The Missing Manual: JQuery & JavaScript

I had the opportunity to take the beta version of exam 70-480: Programming in HTML5 with JavaScript and CSS3, and I just found out this week that I passed. I now add “Specialist” to my list of certifications. (I’m “certifiable“, too, but that’s a different story.)

I primarily relied on two books while studying: the first was HTML5 Up and Running and the second was JavaScript and JQuery an O’Reilly “Missing Manual” series book, by David Sawyer McFarland. The JQuery book was new enough to include HTML5 concepts, which complimented the first book nicely, and helped me pass the exam.

The book is separated into several sections. The first section of the book starts off at an incredibly basic level, explaining how to add a JavaScript file to a page and how to debug your JavaScript using various browser tools. Next, the author goes over basic programming concepts in JavaScript such as native types, variables, operators, etc. He finishes up the first section discussing if/then logic and loops. Although many of these concepts are universal across programming languages, it’s good to know what’s natively available (and what’s not) in JavaScript.

I especially appreciated the author diving into arrays. Since JavaScript is not natively a strongly typed language (in the way that, say, C# is), coupled with the fact that I often use JavaScrpt to traverse item collections (i.e. arrays) in the Document Ojbect Model (or DOM) of a page, this was especially helpful.

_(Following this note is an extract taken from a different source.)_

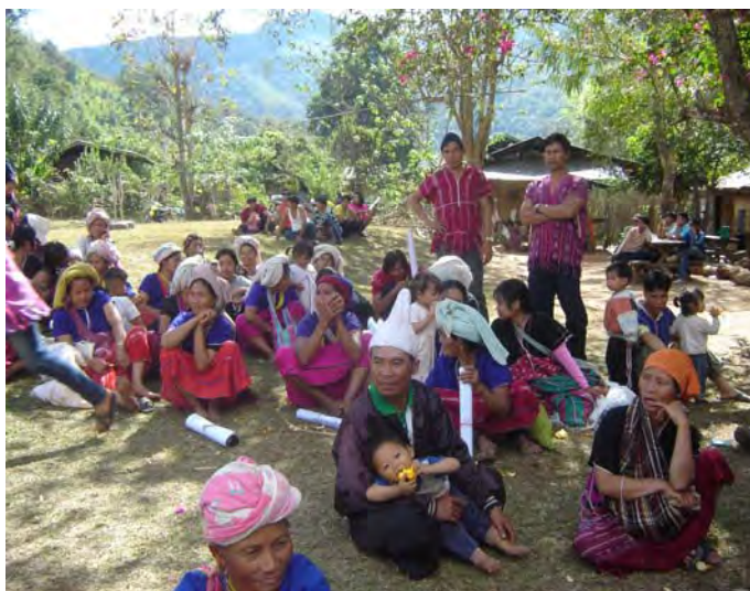
ภาพประกอบที่ 3 กลุ่มชาติพันธุ์ปกาเกอญอ (Pgazkoenyau) หรือ กะเหรี่ยง

กลุ่มชาติพันธุ์ปกาเกอญอ (Pgazkoenyau) หรือ กะเหรี่ยง เป็นชาติพันธุ์ที่มีประชากรมากที่สุดในประเทศไทย โดยมีประชากรทั้งหมด 437,131 คน คิดเป็นร้อยละ 47.54 ของประชากรชาวเขา หรือคิดเป็นร้อยละ 36.41 ของบุคคลบนพื้นที่สูงทั้งหมด จำแนกเป็นชายจำนวน 151,186 คน เป็นหญิง 146,168 คน เด็กชาย 70,193 คน เด็กหญิง 69,584 คน โดยอาศัยอยู่ในพื้นที่ 1,912 หมู่บ้าน 87,628 หลังคาเรือน และ 95,088 ครอบครัวในพื้นที่ 15 จังหวัดของจังหวัดที่มีชาติพันธุ์ปกาเกอญอ หรือ กะเหรี่ยง ตั้งถิ่นฐานบ้านเรือนอยู่ตามชายเขา ซึ่งพบมากที่สุดที่จังหวัดเชียงราย เชียงใหม่ และจังหวัดแม่ฮ่องสอน

The second section of the book gives a great introduction to JQuery. It starts off with how to add a JQuery library to your page, then gets you going right away with examples of how to manipulate the DOM using JQuery syntax. The next several chapters go into the more advanced topics of using events and animations with JQuery, which are two topics I don’t typically dive into when writing JavaScript (and I needed to know for the exam!)

The third section of the book goes into more details about ways you can use JQuery to build full-fledged solutions. This moves beyond basic examples, and starts showcasing particular JQuery solutions you can download and start playing with. Although I appreciated why the author was writing about this, I found the discussion of particular plug-ins a little irrelevent, since my purpose of reading the book was more to grasp overall concepts. That being said, in chapter 9, the author discussed how to use JQuery to validate controls on a page. This, I’ve found, is one of the most frequently used and effective way of implementing JavaScript and JQuery, so I found that chapter especially relevent. Chapter 10 dives into AJAX (i.e. asynchronous process), while chapter 11 dives into using Google Maps and Flickr. (I admit, I skipped over this chapter, not finding it immediately necessary for me to know.)

The last section of the book was a grab bag of miscellaneous topics, but I actually found it quite helpful. The author covers some more advanced topics such as using regular expressions and performing date/time conversions. (How you do this in JavaScript, which executes in the browser, can be quite a bit different than how you would execute the same process in server-side code.) The last chapter reviews some common mistakes JavaScript developers frequently make.

As with the HTML5 book I reviewed, the author is a Mac guy and clearly a Google guy, too, but I found that much of what was written was pertinent across browsers. I credit this book with beefing up my knowledge of JQuery as well as helping me pass my latest exam.